Ultimately, these dialogues are compartmentalized into basic modules like subject, verb, and object in order to create natural-sounding dialogue depending on the context.

Another thing to keep in mind is that systemic dialogue has to be constantly interrupted and naturally resumed. In order to create a natural flow of dialogue when an enemy’s dialogue is interrupted by the player’s shooting, a few more adjustments have to be made. Building on the three principle elements – screams, onomatopoeia, and interjection - we created a system that incorporates appropriate speaking tone, order of important dialogue, and resume points to continue the dialogue after an interruption.

After all is done and finished, the polish phase is where the real work takes place.
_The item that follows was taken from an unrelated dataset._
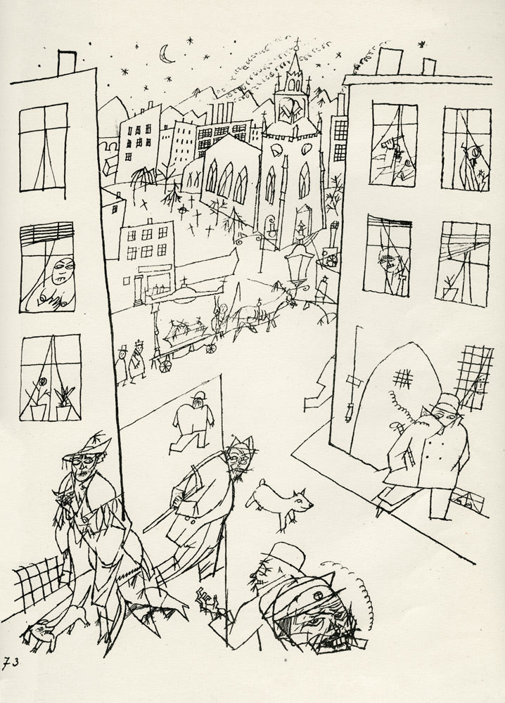 Grosz’s wartime experiences deeply affected his political outlook. He began to convey his hatred of German militarism in satirical images, though his subject matter was soon noticed by the authorities: Grosz was on one occasion prosecuted for indecent representations, which offend the sense of modesty and morality of a person of normal feeling. Inevitably, Grosz was hounded by the authorities and in 1933 he fled to America to settle permanently, returning to Berlin just once before his death there in 1959.

In this phase, every element in the game has to be checked for final context. Everything from the character pose and expression to dialogue and action has to reflect the intended emotion and mood in a natural, persuasive fashion. Actions and words have to be in line with the context and continuity. Our constant challenge is to distinguish between things that need to be changed and those that need to remain the same.

Then comes localization, which is a demanding task on its one. Since all storytelling material like dialogue and cutscenes are closely connected to each other, localizing to another language is a tremendously arduous feat. This is compounded by the fact that localization schedules have always been very tight. Localization takes place within the small window between the end of development and the launch date. The process is hectic, to say the least.

We have to handpick which dialogue will be played, review how to drive gameplay, and devise audio and script from scratch, which all takes human editing effort. Meanwhile, every change has to be documented and controlled.